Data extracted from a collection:
%%
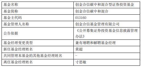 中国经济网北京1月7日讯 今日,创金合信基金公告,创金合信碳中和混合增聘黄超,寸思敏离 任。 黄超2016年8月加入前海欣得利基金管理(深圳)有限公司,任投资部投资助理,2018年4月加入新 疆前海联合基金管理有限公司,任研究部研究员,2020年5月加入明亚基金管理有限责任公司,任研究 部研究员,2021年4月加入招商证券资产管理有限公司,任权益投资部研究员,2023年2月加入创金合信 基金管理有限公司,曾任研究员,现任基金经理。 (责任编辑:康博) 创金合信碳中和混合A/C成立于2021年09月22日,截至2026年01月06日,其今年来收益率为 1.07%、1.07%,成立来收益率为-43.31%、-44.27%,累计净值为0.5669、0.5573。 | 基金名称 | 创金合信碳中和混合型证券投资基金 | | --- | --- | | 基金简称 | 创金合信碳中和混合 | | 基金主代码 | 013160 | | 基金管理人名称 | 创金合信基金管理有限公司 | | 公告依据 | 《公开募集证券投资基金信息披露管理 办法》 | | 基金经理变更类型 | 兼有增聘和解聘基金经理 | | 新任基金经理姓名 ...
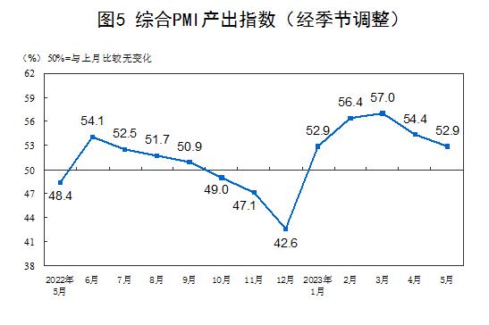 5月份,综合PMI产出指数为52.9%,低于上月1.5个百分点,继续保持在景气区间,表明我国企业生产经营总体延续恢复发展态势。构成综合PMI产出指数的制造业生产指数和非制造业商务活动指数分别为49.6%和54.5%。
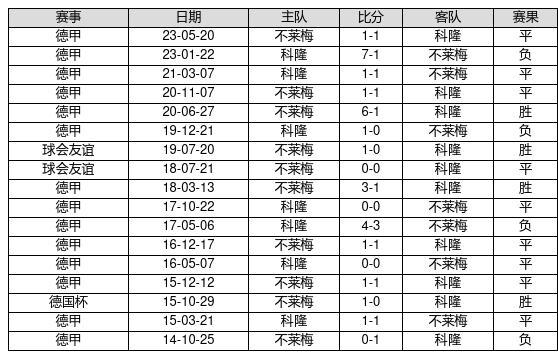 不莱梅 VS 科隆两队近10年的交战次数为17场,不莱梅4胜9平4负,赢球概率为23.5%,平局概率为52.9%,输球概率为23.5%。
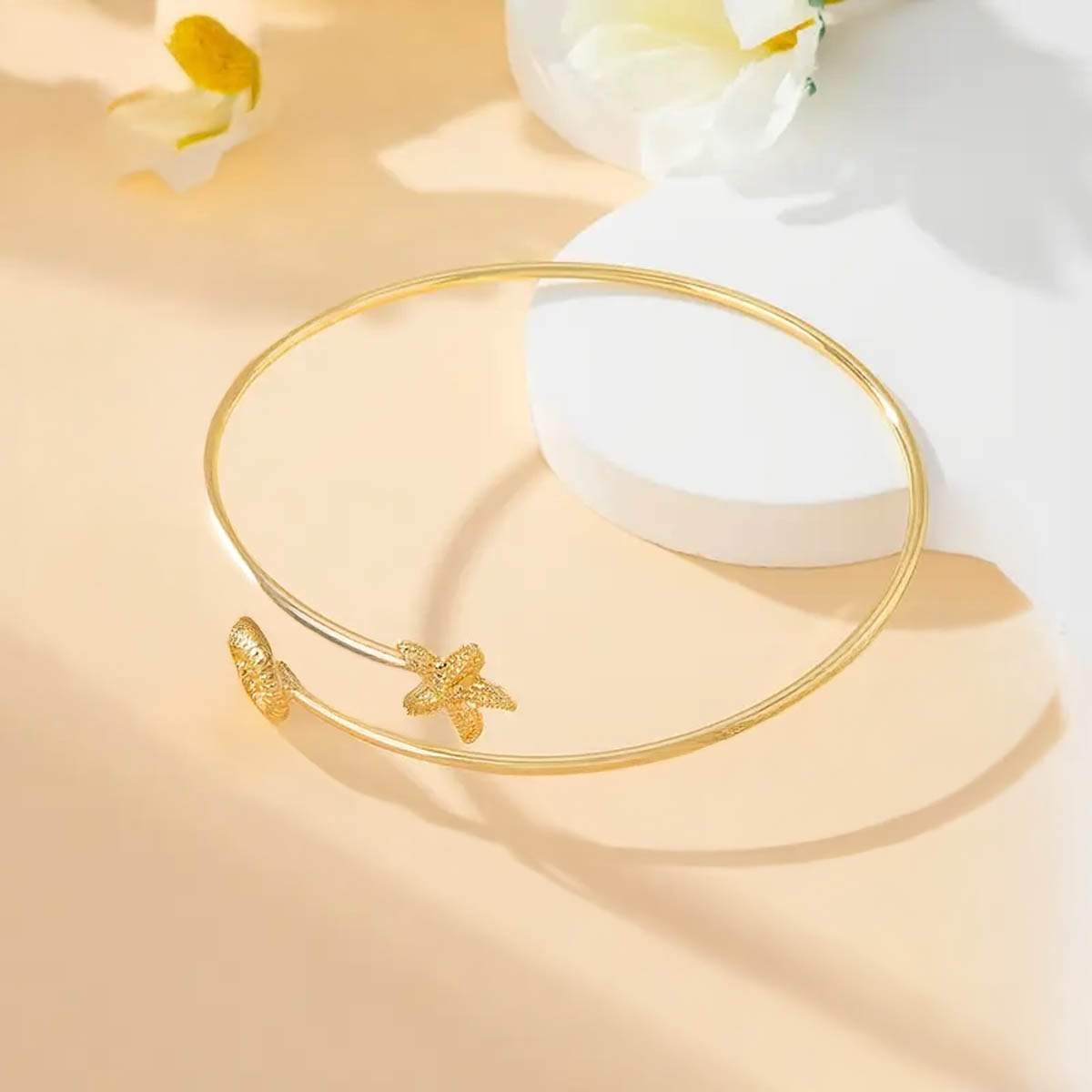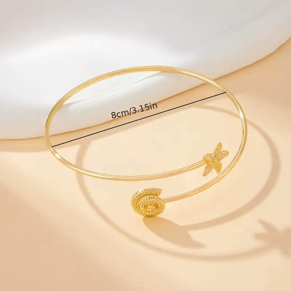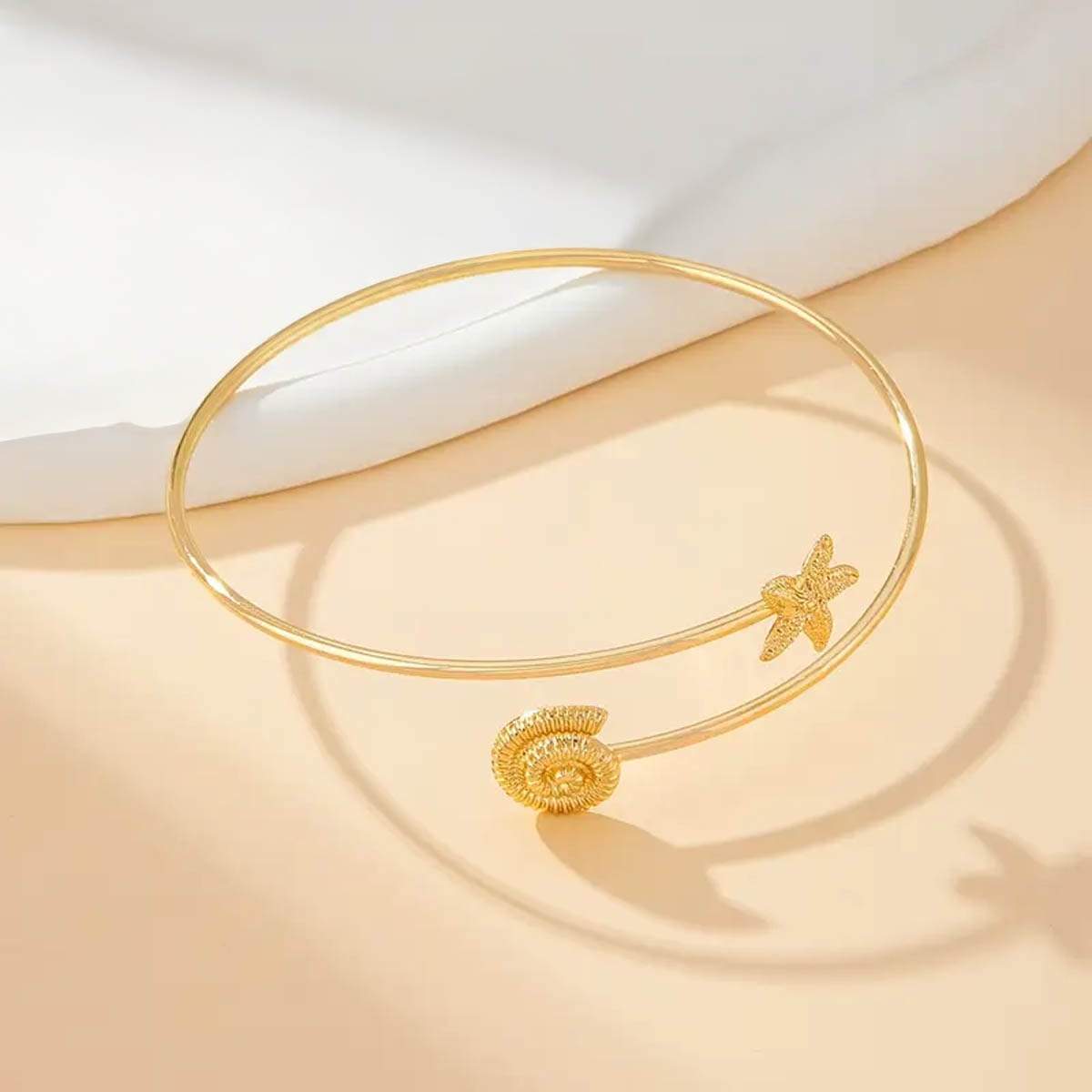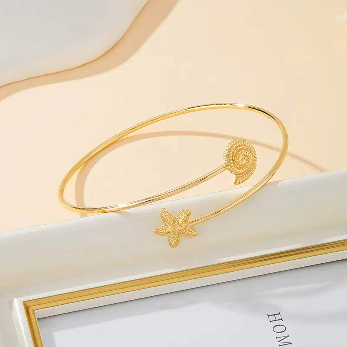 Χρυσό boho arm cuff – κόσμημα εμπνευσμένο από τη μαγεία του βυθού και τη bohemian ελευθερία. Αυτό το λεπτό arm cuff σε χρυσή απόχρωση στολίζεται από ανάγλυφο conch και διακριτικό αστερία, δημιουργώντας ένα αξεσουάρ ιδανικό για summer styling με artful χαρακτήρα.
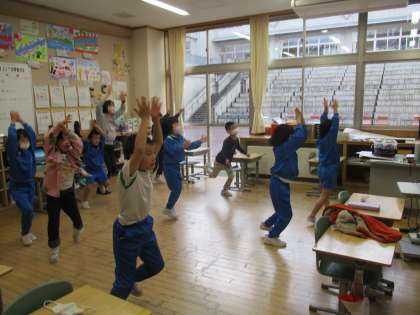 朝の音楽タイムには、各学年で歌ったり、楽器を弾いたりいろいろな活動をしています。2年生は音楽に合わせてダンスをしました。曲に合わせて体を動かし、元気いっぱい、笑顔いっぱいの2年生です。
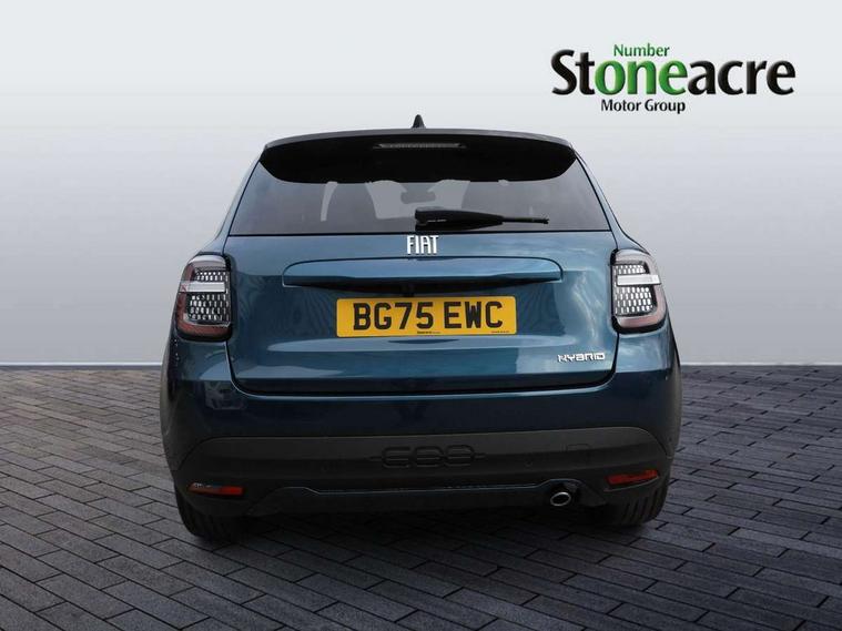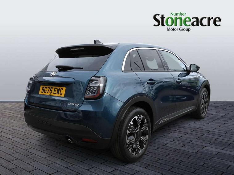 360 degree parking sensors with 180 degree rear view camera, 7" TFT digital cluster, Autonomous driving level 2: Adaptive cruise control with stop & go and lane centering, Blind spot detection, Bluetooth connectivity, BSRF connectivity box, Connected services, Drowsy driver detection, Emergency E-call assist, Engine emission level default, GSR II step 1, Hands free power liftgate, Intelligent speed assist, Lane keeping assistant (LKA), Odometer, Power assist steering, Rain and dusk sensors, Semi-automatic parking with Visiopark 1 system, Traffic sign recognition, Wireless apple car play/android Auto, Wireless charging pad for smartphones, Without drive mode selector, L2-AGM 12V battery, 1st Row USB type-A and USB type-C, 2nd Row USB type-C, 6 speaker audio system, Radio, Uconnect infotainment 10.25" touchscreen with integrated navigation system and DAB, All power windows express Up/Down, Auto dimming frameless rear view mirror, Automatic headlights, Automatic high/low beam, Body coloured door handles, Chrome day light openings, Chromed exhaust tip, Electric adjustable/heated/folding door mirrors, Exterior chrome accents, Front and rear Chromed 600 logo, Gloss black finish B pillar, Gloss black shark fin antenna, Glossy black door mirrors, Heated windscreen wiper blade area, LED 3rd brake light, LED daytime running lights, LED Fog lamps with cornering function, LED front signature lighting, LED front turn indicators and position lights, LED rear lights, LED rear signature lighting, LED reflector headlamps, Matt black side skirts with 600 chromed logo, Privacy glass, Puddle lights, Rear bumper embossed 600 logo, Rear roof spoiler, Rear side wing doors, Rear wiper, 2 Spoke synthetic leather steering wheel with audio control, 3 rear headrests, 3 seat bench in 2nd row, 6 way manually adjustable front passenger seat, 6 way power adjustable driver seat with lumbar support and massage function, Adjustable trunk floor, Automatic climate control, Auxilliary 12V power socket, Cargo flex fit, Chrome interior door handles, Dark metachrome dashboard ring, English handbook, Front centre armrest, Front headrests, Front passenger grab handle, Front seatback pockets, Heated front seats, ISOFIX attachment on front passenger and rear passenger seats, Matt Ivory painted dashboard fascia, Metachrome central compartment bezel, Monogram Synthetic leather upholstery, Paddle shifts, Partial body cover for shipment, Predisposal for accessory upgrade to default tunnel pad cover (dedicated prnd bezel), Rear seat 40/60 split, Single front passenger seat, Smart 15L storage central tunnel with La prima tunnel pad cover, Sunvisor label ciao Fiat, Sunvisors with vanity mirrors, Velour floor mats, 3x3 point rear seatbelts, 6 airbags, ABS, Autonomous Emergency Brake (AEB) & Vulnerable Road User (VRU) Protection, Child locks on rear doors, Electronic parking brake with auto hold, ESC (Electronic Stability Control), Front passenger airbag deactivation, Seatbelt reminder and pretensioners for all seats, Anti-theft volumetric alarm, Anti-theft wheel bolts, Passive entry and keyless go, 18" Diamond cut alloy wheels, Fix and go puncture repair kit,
%%
# INSTRUCTIONS FOR THE TASK
Above are the records; restate exactly the lines from the one containing "5月份,综合PMI产出指数为" through the one containing "朝の音楽タイムには、各学年で", keeping pictures out.

# EXERCISE ANSWER
 5月份,综合PMI产出指数为52.9%,低于上月1.5个百分点,继续保持在景气区间,表明我国企业生产经营总体延续恢复发展态势。构成综合PMI产出指数的制造业生产指数和非制造业商务活动指数分别为49.6%和54.5%。
 不莱梅 VS 科隆两队近10年的交战次数为17场,不莱梅4胜9平4负,赢球概率为23.5%,平局概率为52.9%,输球概率为23.5%。
 Χρυσό boho arm cuff – κόσμημα εμπνευσμένο από τη μαγεία του βυθού και τη bohemian ελευθερία. Αυτό το λεπτό arm cuff σε χρυσή απόχρωση στολίζεται από ανάγλυφο conch και διακριτικό αστερία, δημιουργώντας ένα αξεσουάρ ιδανικό για summer styling με artful χαρακτήρα.
 朝の音楽タイムには、各学年で歌ったり、楽器を弾いたりいろいろな活動をしています。2年生は音楽に合わせてダンスをしました。曲に合わせて体を動かし、元気いっぱい、笑顔いっぱいの2年生です。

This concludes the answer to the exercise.